Segment Start: Data shown

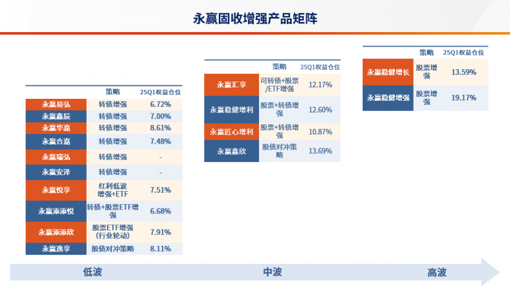 按照客户的波动率要求,永赢基金还提供低波、中波、高波的完整解决方案。高波策略优先选择长期收益较高的资产,比如转债。中波产品则会提高纯债仓位降低波动,以提高客户的持有体验。
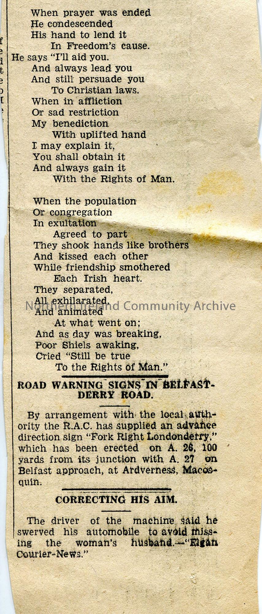 Newspaper cutting of words to poem 'The Rights of Man'
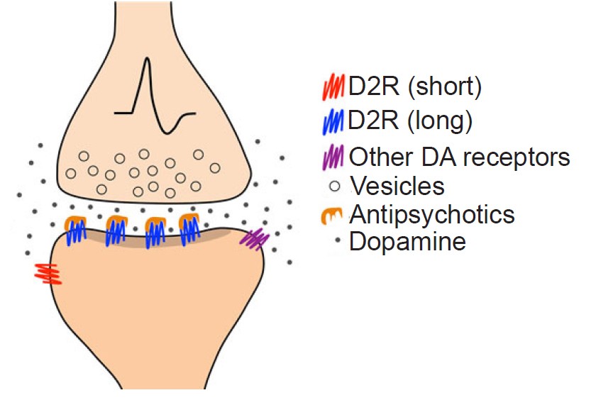 In a healthy person, dopamine is important for motor control and motivation, two behaviors that are changed in patients with SZ. Therefore, scientists have suggested that abnormal dopamine signaling may be an underlying root cause. While the dopamine hypothesis is one of the earliest theories of SZ, modern genetics studies have shown that polymorphisms in the dopamine D2 receptor are risk factors.

Segment End: Data shown

- _Exercise details_
Repeat the material above verbatim. Leave the pictures behind.

- _Task solution_
 按照客户的波动率要求,永赢基金还提供低波、中波、高波的完整解决方案。高波策略优先选择长期收益较高的资产,比如转债。中波产品则会提高纯债仓位降低波动,以提高客户的持有体验。
 Newspaper cutting of words to poem 'The Rights of Man'
 In a healthy person, dopamine is important for motor control and motivation, two behaviors that are changed in patients with SZ. Therefore, scientists have suggested that abnormal dopamine signaling may be an underlying root cause. While the dopamine hypothesis is one of the earliest theories of SZ, modern genetics studies have shown that polymorphisms in the dopamine D2 receptor are risk factors.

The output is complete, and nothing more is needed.